THE GUARDIAN UK. MARCH 14, 2010. By Rowan Moore

Debra Dupar, pregnant with her fifth child, is sitting outside her new house. She is washed by the noon sun of an early spring day, nursing a pinkish-red drink and chatting to her friends. A short way off a camera crew is setting up, assessing shots, squinting at the light, chatting to potential interviewees. They are working for Spike Lee, who is making a documentary about the place where Debra lives.

A guided tour of about a dozen people tramps along the vestigial street, marked out by some sinewy evergreen oaks, or "live oaks" as they are called here. Two men, self-consciously dressed – architects, probably – get out of a maroon taxi, scan the scene, sweep it with camcorders, say to each other: "OK, I'm good", get back in the taxi and go, all in about 60 seconds. And then the man from the London Observer wants to look inside Debra's house.

Brad Pitt had warned residents of New Orleans's Lower Ninth ward that "we would be turning their neighbourhood into a circus". He was referring to the Pink Project, an "art installation/political messaging device/fundraising tool" in 2007, when hundreds of pink fabric house-shapes were scattered about the site, ghosts of houses that had been and which would return. Now, with 23 houses newly built, it remains a circus, a vortex of disaster and celebrity from which media and sightseers can't stay away. For this spot is the location of Make It Right, the project launched by Pitt in the wake of Hurricane Katrina to which he has pledged $5m. Its aim is not only to rebuild at least 150 homes in the spot worst hit by the storm and its floods but to "turn tragedy into victory", as the actor put it, and to "offer a more humane building standard… We would create homes that were sustainable and build with clean building materials for a just quality of life… We would build for safety and storm resiliency. We'd create new jobs in the process and we wouldn't stop until we could achieve all of this affordably." To show he was serious he moved his family home to New Orleans, and joined in long and gritty community meetings about the best way forward.

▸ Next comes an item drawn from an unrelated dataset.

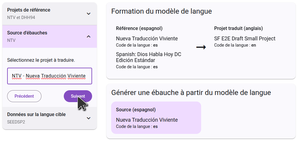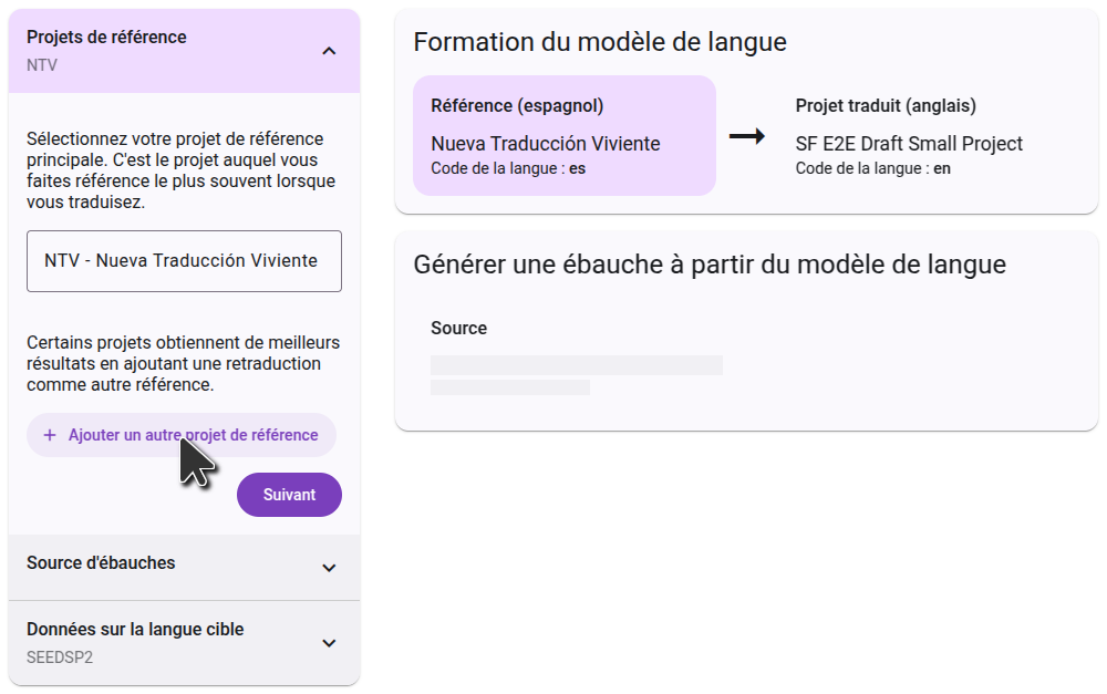 Sur le côté droit, vous verrez un diagramme de la façon dont les projets que vous avez sélectionnés seront utilisés pour générer l'ébauche . Dans un premier temps, le modèle linguistique apprend en comparant les projets de référence au projet traduit. Dans un deuxième temps, il utilisera ces connaissances pour traduire le projet source.

"We'd call upon some of our great architectural minds to innovate these solutions," he said, and create "a template that could be replicated at the macro level. We would engage and rely on the community to define the function of their neighbourhood and adhere to their guidance, protecting New Orleans's rich culture." If the people of the Lower Ninth had been betrayed by professionals, by the engineers whose levees had failed in over 50 places, if "the most sickening thought is that this all could have been avoided", Pitt's mission was to "take what was wrong and make it right".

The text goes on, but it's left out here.